EXTRACTED MATERIAL |
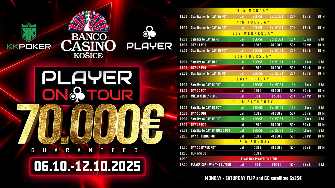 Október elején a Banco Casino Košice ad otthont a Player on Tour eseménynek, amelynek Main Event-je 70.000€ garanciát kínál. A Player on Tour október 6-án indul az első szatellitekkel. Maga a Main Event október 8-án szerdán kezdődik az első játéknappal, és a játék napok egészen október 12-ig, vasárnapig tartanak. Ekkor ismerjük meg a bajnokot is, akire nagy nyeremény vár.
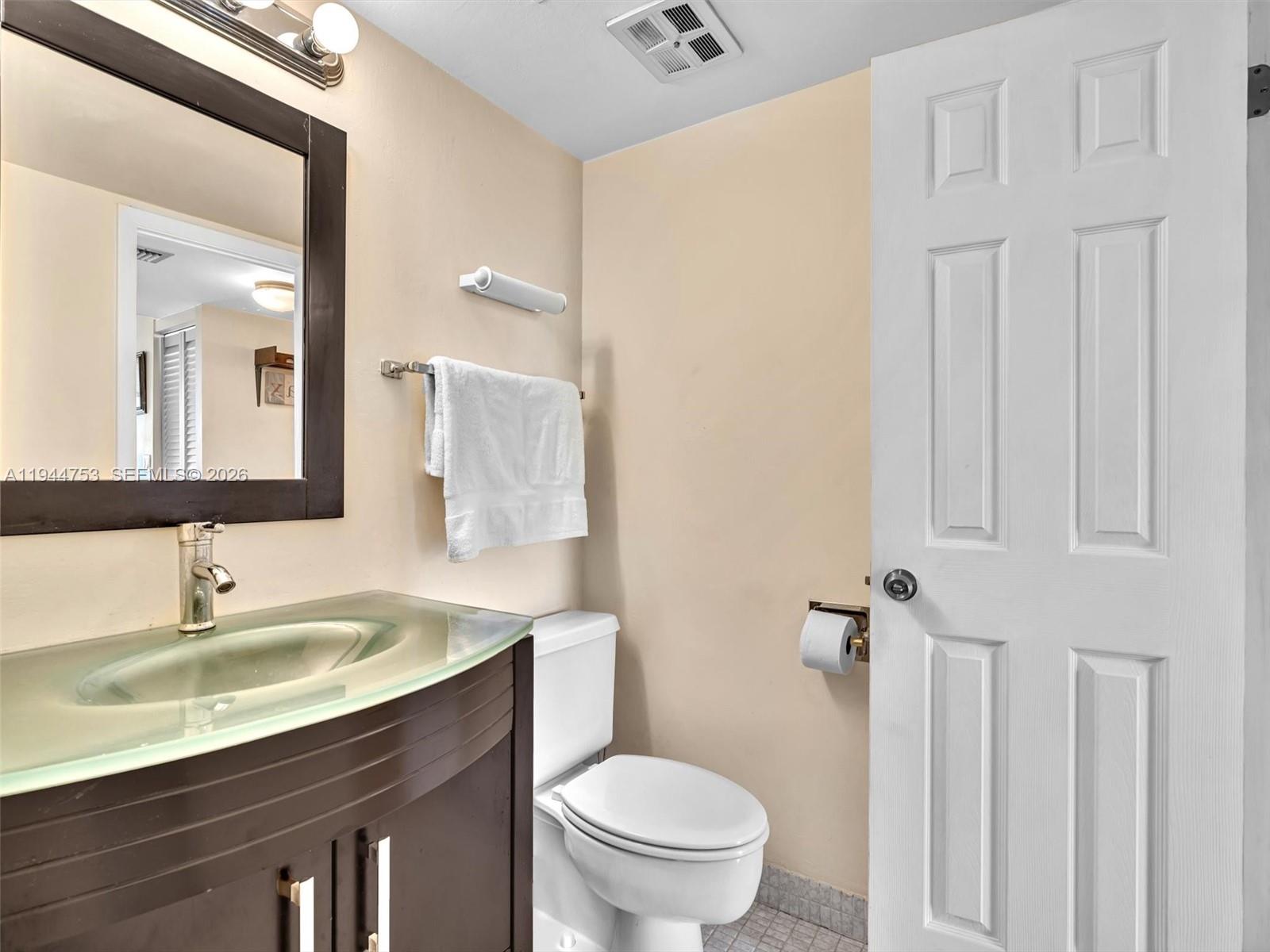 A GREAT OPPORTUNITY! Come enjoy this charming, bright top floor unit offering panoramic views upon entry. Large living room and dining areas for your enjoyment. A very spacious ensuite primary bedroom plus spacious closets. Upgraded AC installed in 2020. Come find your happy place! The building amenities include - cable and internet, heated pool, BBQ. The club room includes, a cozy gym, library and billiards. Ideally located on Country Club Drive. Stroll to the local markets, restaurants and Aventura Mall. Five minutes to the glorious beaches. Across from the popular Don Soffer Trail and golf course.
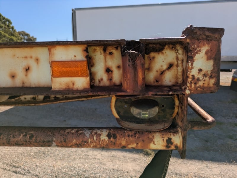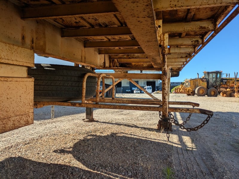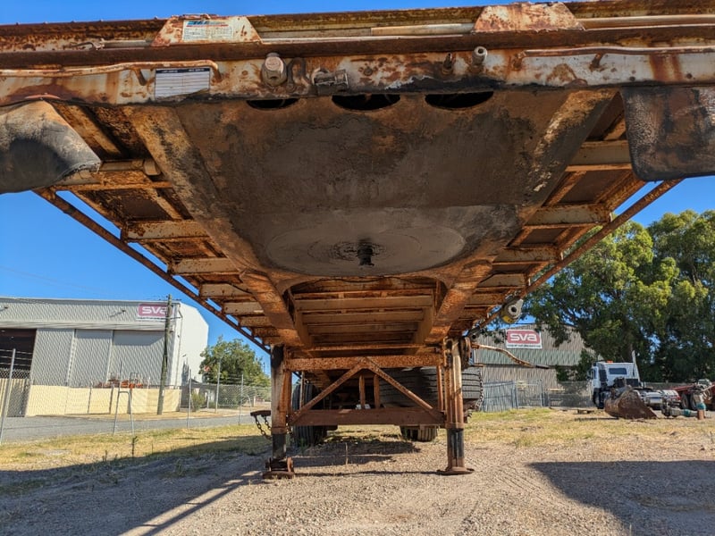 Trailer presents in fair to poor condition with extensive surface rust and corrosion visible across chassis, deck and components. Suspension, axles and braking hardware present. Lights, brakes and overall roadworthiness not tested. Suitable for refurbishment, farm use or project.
==
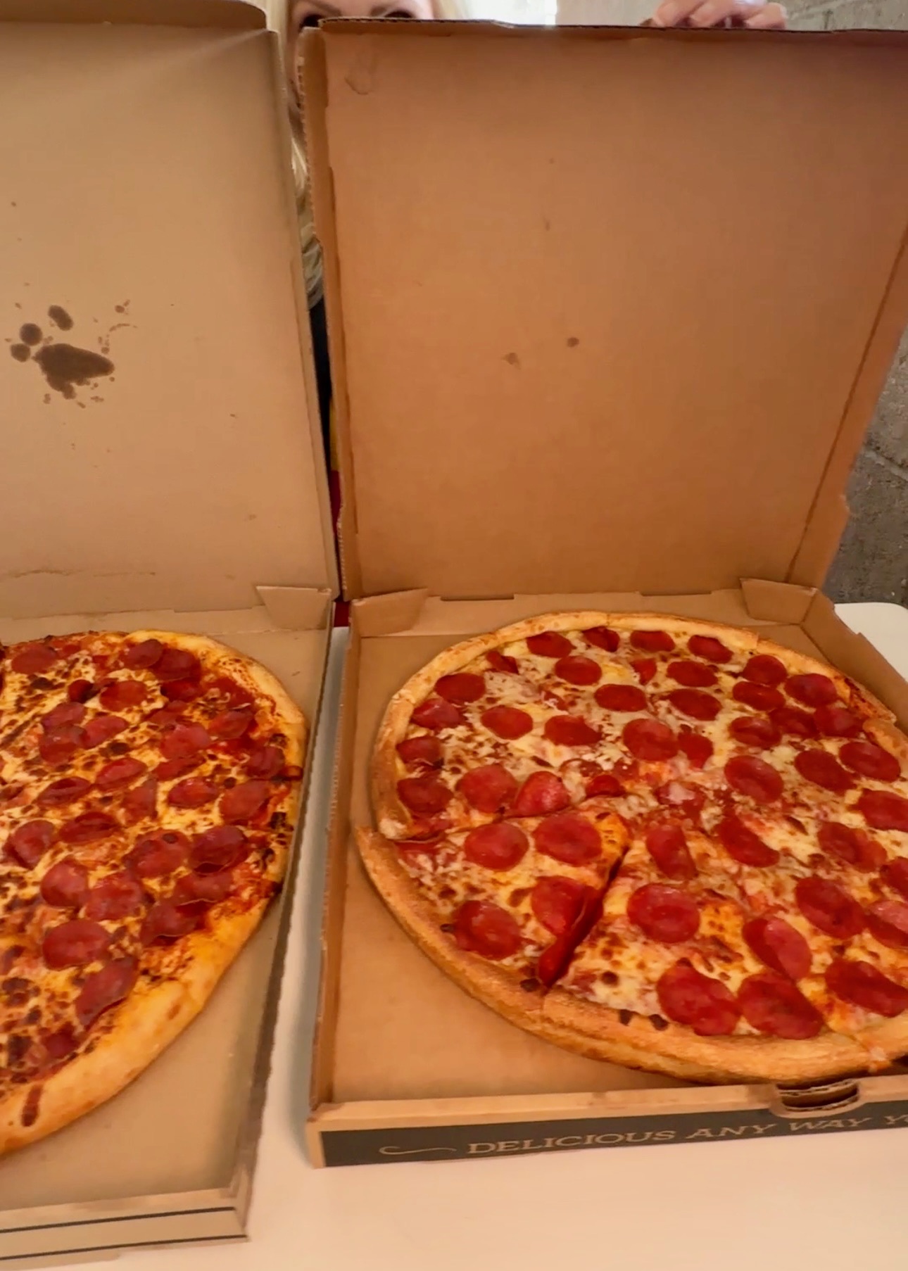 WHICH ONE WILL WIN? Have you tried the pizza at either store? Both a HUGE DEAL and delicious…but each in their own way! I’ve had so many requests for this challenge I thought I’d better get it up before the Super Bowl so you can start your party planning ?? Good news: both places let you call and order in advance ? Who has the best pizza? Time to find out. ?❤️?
---
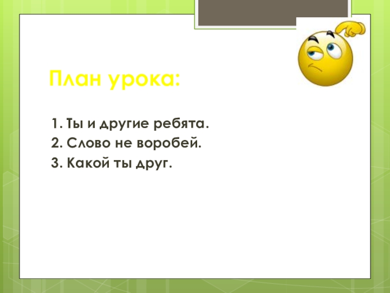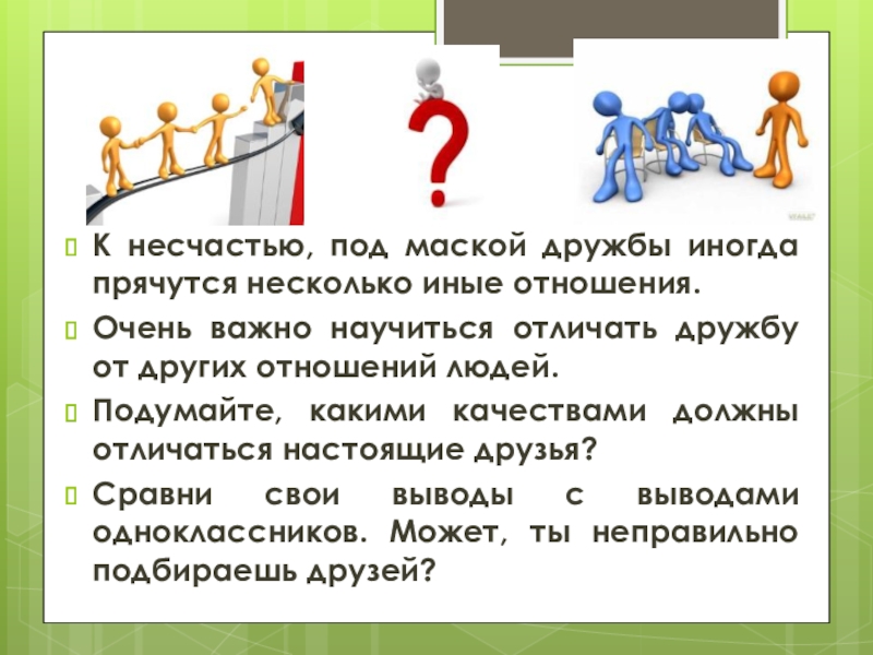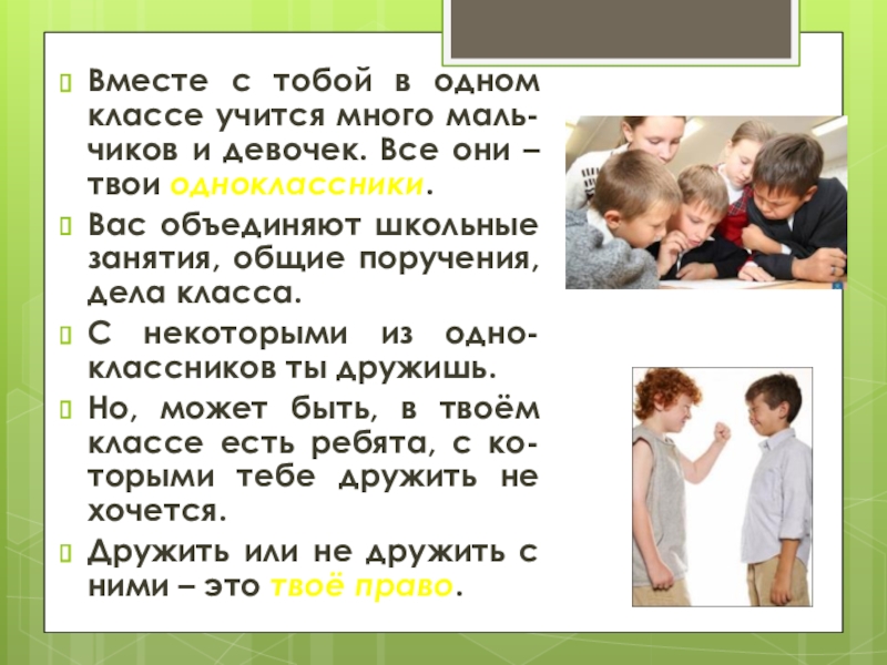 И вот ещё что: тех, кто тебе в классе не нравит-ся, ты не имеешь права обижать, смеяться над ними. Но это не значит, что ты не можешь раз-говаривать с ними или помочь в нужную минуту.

EXERCISE PROMPT | Would you set down only the lines above from the line with "Október elején a" to the line with "Trailer presents in", both included, exactly as they stand and without the pictures?

SOLUTION FOR THIS EXERCISE |
 Október elején a Banco Casino Košice ad otthont a Player on Tour eseménynek, amelynek Main Event-je 70.000€ garanciát kínál. A Player on Tour október 6-án indul az első szatellitekkel. Maga a Main Event október 8-án szerdán kezdődik az első játéknappal, és a játék napok egészen október 12-ig, vasárnapig tartanak. Ekkor ismerjük meg a bajnokot is, akire nagy nyeremény vár.
 A GREAT OPPORTUNITY! Come enjoy this charming, bright top floor unit offering panoramic views upon entry. Large living room and dining areas for your enjoyment. A very spacious ensuite primary bedroom plus spacious closets. Upgraded AC installed in 2020. Come find your happy place! The building amenities include - cable and internet, heated pool, BBQ. The club room includes, a cozy gym, library and billiards. Ideally located on Country Club Drive. Stroll to the local markets, restaurants and Aventura Mall. Five minutes to the glorious beaches. Across from the popular Don Soffer Trail and golf course.
 Trailer presents in fair to poor condition with extensive surface rust and corrosion visible across chassis, deck and components. Suspension, axles and braking hardware present. Lights, brakes and overall roadworthiness not tested. Suitable for refurbishment, farm use or project.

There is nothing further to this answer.